Both these gentlemen are correct.

Here are the logistical issues you face:

Problem: Computer is heating up room.

Solution 1: produce less heat by running at lower power. As you say, this is not an option.
Solution 2: exhaust heat to the rest of the house/building. This would be ideal, frankly, as it would not change the house air balance and would remove the heat from your room. If your room has a supply vent and return vent, ducting the PC so that it blows right at the return vent would work IF the HVAC is actually running. If the return vent is just a "pass through" grate in the wall to the hall outside, blowing the hat air into it might still help. Basically you are spreading the heat to the rest of the building.

Problem:: if return vent is a duct back to HVAC then you get no help if HVAC isn't running.

Solution 1: vent to a hallway some other way. Cam you make a small vent through the wall?
Solution 2: vent to outside as you suggested. This is full of problems. If you try to just vent, you will just cause hot outside air infiltration into the building somewhere else OR the duct will back flow hot air into your case. Adding an air supply line from outside would probably make it worse in the summer, because you would be using hot outside air to try to cool your computer (doesn't work well)

The most efficient solution IF outside temps are cooler than CPU temps, would be to install a water loop with radiator/fans outside. It sounds nuts, but it would remove the air flow concern and would transfer the heat directly outside similar to how an HVAC does it (but without the. Compressor/phase change)


----------



## billbartuska

Quote:


> Originally Posted by *Jhereg10*
> 
> Quote:
> 
> 
> 
> Originally Posted by *superchad*
> 
> The most efficient solution IF outside temps are cooler than CPU temps, would be to install a water loop with radiator/fans outside. It sounds nuts, but it would remove the air flow concern and would transfer the heat directly outside similar to how an HVAC does it (but without the. Compressor/phase change)
> 
> 
> 
> No, No, A ground loop water cooling system.
Click to expand...


----------



## ladcrooks

the cheapest way would be to have a big external fan blowing from a distance aiming air out the window . You don't have to have it running high but enough to cause a draft, had to do that myself one summer when it was so hot


----------



## Maximus Thalos

After 5-6 grueling hours of working on my vent this is the what I came up with and it works great. The water chiller underneath was crapping out more BTUs than my 5050 walmart air conditioner was able to handle. A redundant battle of airflow. Not bad for dryer ducting, zipties, cardboard, and whatever that metal tape is. 8 fans in total not counting the fan in the chiller that was blasting heat into the room. The 4th duct isn't attached yet because I ran out of fan grills







In the winter I'll make a little stand to blast my chair with hot air and the single one will go under the desk to keep my hands toasty







When you build for seasons remember temps go both ways.

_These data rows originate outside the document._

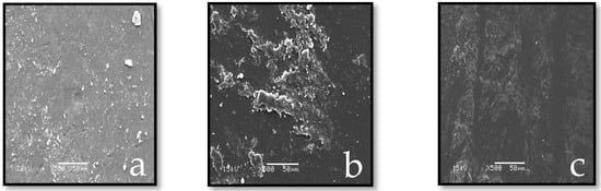 The results indicate that the membrane exhibited a mosaic-like structural configuration. During long-term MFC operation, the proton exchange membrane is easily contaminated by microbes, extracellular polymers, and inorganic salts, impairing MFC effectiveness [40]. Several studies have demonstrated that fouling can potentially modify the ion exchange capacity and permeability of membranes through physical obstruction [41]. Evidence suggests that the fouling process of the cation exchange membrane (CEM) is exacerbated by biopolymers derived from biocatalysts and cations present in the electrolyte solution. This enhancement in biofouling is believed to result from the formation of intermolecular bridges connecting organic foulants with cations, thereby intensifying the accumulation of undesirable substances on the CEM surface [42,43]. The experimental results revealed that MFC-1 and MFC-2 achieved maximum power densities of 44.42 mW/m2 and 125.23 mW/m2, respectively. Subsequently, both fuel cells experienced a decline in these values. Membrane fouling, which may lead to decreased efficiency, can be attributed to several factors. These include the encapsulation of bacterial cells within extracellular polymeric matrices, the accumulation of sludge components, and the formation of inorganic salt precipitates on the membrane surface. Scanning electron microscopy (SEM)analysis of the membrane was conducted before and after operation (Figure 9a–c), providing visual evidence of membrane fouling, which negatively influences the efficacy of (MFCs) efficacy. This observation is consistent with results obtained from other electrochemical techniques, including open-circuit voltage (OCV) measurements, polarization curve analysis, cyclic voltammetry (CV), and electrochemical impedance spectroscopy (EIS).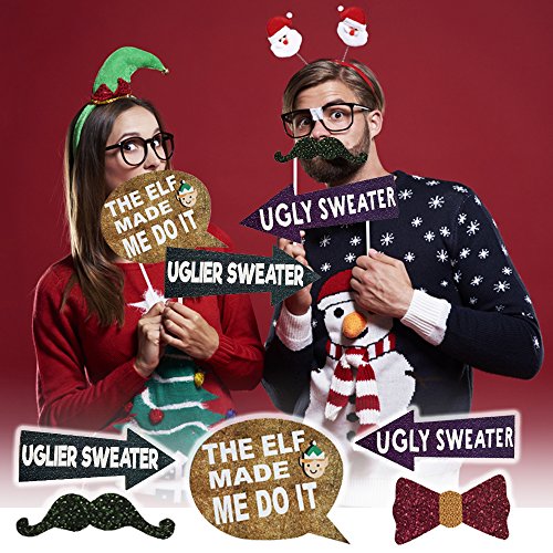 - PERFECT FOR YOUR HOLIDAY THEMED EVENT: Photo booths make a fun addition to any event. Whether it's a Christmas party, office party, family reunion or celebration of the winter solstice, these props will be a hit! Your guests will love to pose for a selfie, or group shots with them to create memorable photographs to save, or share on social media. You can even make a game or contest out of it. Awarding prizes for best, funniest or most creative photos.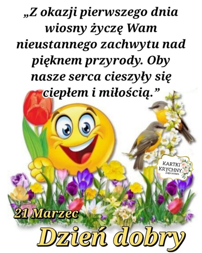 Strona głównaPierwszy dzień wiosnyDzień dobry w pierwszy dzień Wiosny - karteczki Dzień dobry w pierwszy dzień Wiosny – karteczki FacebookTwitterPinterestWhatsApp WIĘCEJ KARTEK PONIŻEJ Pierwszy dzień wiosny Dzień dobry w pierwszy Dzień Wiosny. Udanej soboty życzę. Radosnej, pięknej Wiosny – Twojekarteczki.pl Bogusława Palion - 21 marca, 2026 Więcej Pierwszy dzień wiosny Dzień dobry w pierwszy wiosenny poranek. Pięknej soboty życzę – Twojekarteczki.pl Bogusława Palion - 20 marca, 2026 Więcej Załaduj więcej Pierwszy dzień wiosny Dzień dobry w pierwszy dzień Wiosny 21 Marca. Piękne kartki na dzień dobry – Twojekarteczki.pl Bogusława Palion - 20 marca, 2026 Więcej Pierwszy dzień wiosny Radosnego dnia w Pierwszy Dzień Wiosny – Twojekarteczki.pl Bogusława Palion - 20 marca, 2026 Więcej Załaduj więcej Pierwszy dzień wiosny Pierwszy Dzień Wiosny. Życzę Ci pięknego dnia – Twojekarteczki.pl Bogusława Palion - 20 marca, 2026 Więcej Pierwszy dzień wiosny Dzień dobry w pierwszy dzień Wiosny Bogusława Palion - 20 marca, 2026 Więcej Załaduj więcej Pierwszy dzień wiosny Dzień dobry w pierwszy dzień Wiosny 21 Marca. Piękne kartki na dzień dobry – Twojekarteczki.pl Bogusława Palion - 20 marca, 2026 Więcej Pierwszy dzień wiosny Kartki z życzeniami na pierwszy Dzień Wiosny Bogusława Palion - 20 marca, 2026 Więcej Załaduj więcej NAJNOWSZE Życzenia Urodzinowe Życzę Ci dużo miłości, zdrowia i tego, co najbardziej chcesz. Wszystkiego najpiękniejszego z okazji urodzin! – kartki okolicznościowe Bogusława Palion - 21 kwietnia, 2026 Więcej Wtorek Życzenia na wtorek rano. Dzień dobry – kartki na dzień dobry Bogusława Palion - 21 kwietnia, 2026 Więcej Wtorek Życzenia na Wtorek rano. Radosnego pięknego wiosennego dnia Ci życzę – kartki na dzień dobry Bogusława Palion - 20 kwietnia, 2026 Więcej Wtorek Miłego dnia we wtorek o poranku Bogusława Palion - 20 kwietnia, 2026 Więcej Wtorek Dzień dobry we wtorek Bogusława Palion - 20 kwietnia, 2026 Więcej Załaduj więcej

Do you guys now how much of a pain in the ass it is to cut out holes in 6 layers of cardboard with nothing but a dremel and a tiny box cutter?!


----------



## s74r1

funny i found this post as i was about to post my solution.

$8 in tubing and duct tape from home depot, and some free cardboard boxes i cut up. I need to add another tube to the top though since it's a bit of a bottleneck but it's working okay so far. I wrapped the tubing with some towels to insulate it too. temps get hot but nothing sturdy components can't handle.


----------



## Cyro999

Quote:


> Originally Posted by *s74r1*
> 
> funny i found this post as i was about to post my solution.
> 
> $8 in tubing and duct tape from home depot, and some free cardboard boxes i cut up. I need to add another tube to the top though since it's a bit of a bottleneck but it's working okay so far. I wrapped the tubing with some towels to insulate it too.


Haha man good job









I gotta say though, you're venting all of your GPU heat directly through your CPU radiator. All of the case heat, actually - that's gotta impact your temps. Wouldn't surprise me if it's as much as 5-10c worse than if you were intaking room temperature air instead of case air through it, at combined CPU + GPU load.


----------



## s74r1

Quote:


> Originally Posted by *Cyro999*
> 
> Haha man good job
> 
> 
> 
> 
> 
> 
> 
> 
> 
> I gotta say though, you're venting all of your GPU heat directly through your CPU radiator. All of the case heat, actually - that's gotta impact your temps. Wouldn't surprise me if it's as much as 5-10c worse than if you were intaking room temperature air instead of case air through it, at combined CPU + GPU load.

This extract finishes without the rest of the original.